| YOUR ASSIGNMENT |
Copy down the listing below exactly. Do not include pictures.

| PROVIDED DATA |
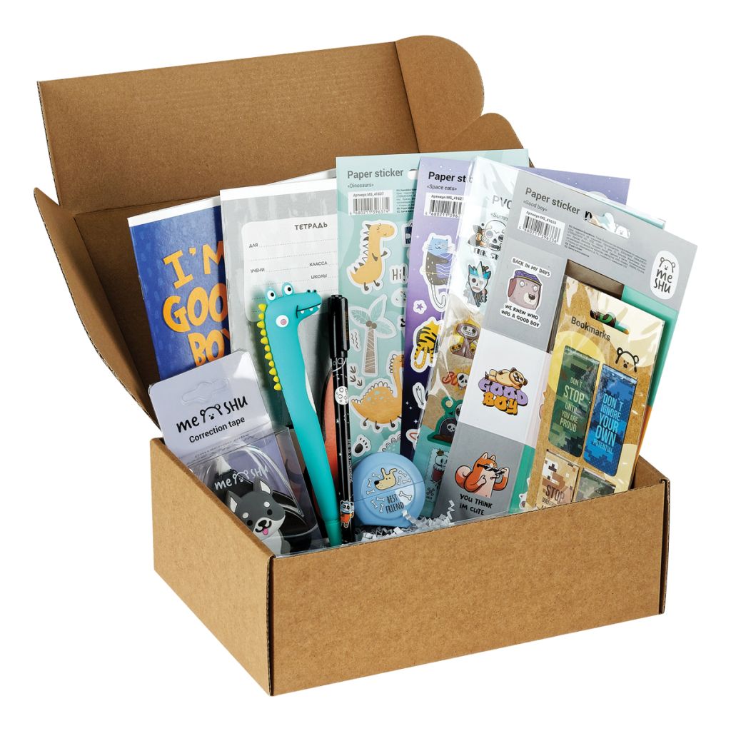 Набор канцелярских принадлежностей MESHU Best friend станет прекрасным подарком к любому празднику. Различные товары для школы и творчества, выполненные в стильных дизайнах MESHU, порадуют ваших близких и будут отличными помощниками в учебе или работе. Набор содержит 18 предметов: • бумажная наклейка 3 шт.; • ПВХ-наклейка 1 шт.; • магнитная закладка 1 шт.; • линейка 1 шт.; • карандаш ч/г 3 шт.; • тетрадь клетка 2 шт.; • ручка гелевая стираемая 1 шт.; • ручка шариковая с топером 1 шт.; • точилка 1 шт.; • корректирующая лента 1 шт.; • блок для записей 1 шт.; • флажки-закладки 1 шт.; • ластик 1 шт. Дизайны предметов в наборе могут варьироваться, но будут соответствовать заявленной теме набора.
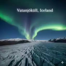 วิวธารน้ำแข็ง Vatnajökull พร้อมแสงเหนือพาดผ่านท้องฟ้า
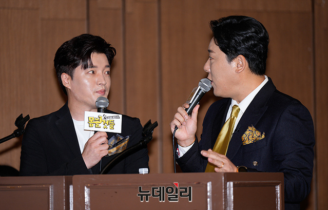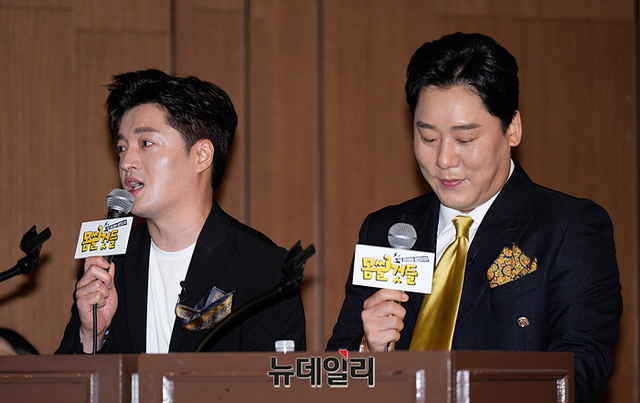 코미디언 남호연과 최성민이 29일 오후 서울 마포구 스탠포드 호텔에서 열린 AXN, Kstar, MBC에브리원 신규 예능 '몸쓸것들:S급 피지컬의 챌린지 100(연출 황교순)' 제작발표회에서 포즈를 취하고 있다.
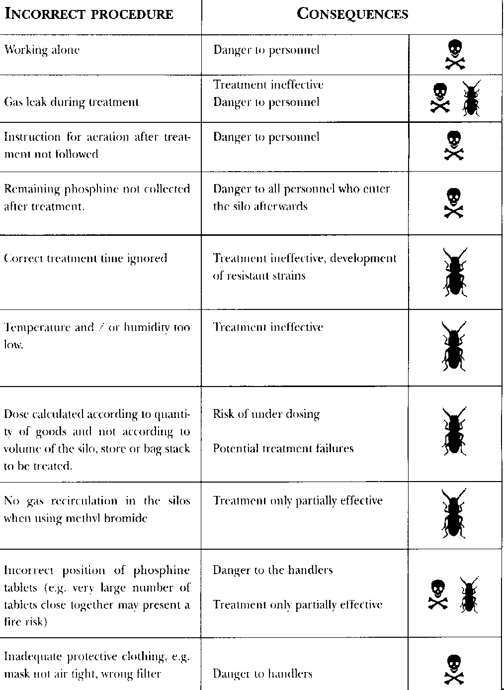 TABLE 4 - The consequences of incorrect procedures when using fumigants

| YOUR RESPONSE |
 Набор канцелярских принадлежностей MESHU Best friend станет прекрасным подарком к любому празднику. Различные товары для школы и творчества, выполненные в стильных дизайнах MESHU, порадуют ваших близких и будут отличными помощниками в учебе или работе. Набор содержит 18 предметов: • бумажная наклейка 3 шт.; • ПВХ-наклейка 1 шт.; • магнитная закладка 1 шт.; • линейка 1 шт.; • карандаш ч/г 3 шт.; • тетрадь клетка 2 шт.; • ручка гелевая стираемая 1 шт.; • ручка шариковая с топером 1 шт.; • точилка 1 шт.; • корректирующая лента 1 шт.; • блок для записей 1 шт.; • флажки-закладки 1 шт.; • ластик 1 шт. Дизайны предметов в наборе могут варьироваться, но будут соответствовать заявленной теме набора.
 วิวธารน้ำแข็ง Vatnajökull พร้อมแสงเหนือพาดผ่านท้องฟ้า
 코미디언 남호연과 최성민이 29일 오후 서울 마포구 스탠포드 호텔에서 열린 AXN, Kstar, MBC에브리원 신규 예능 '몸쓸것들:S급 피지컬의 챌린지 100(연출 황교순)' 제작발표회에서 포즈를 취하고 있다.
 TABLE 4 - The consequences of incorrect procedures when using fumigants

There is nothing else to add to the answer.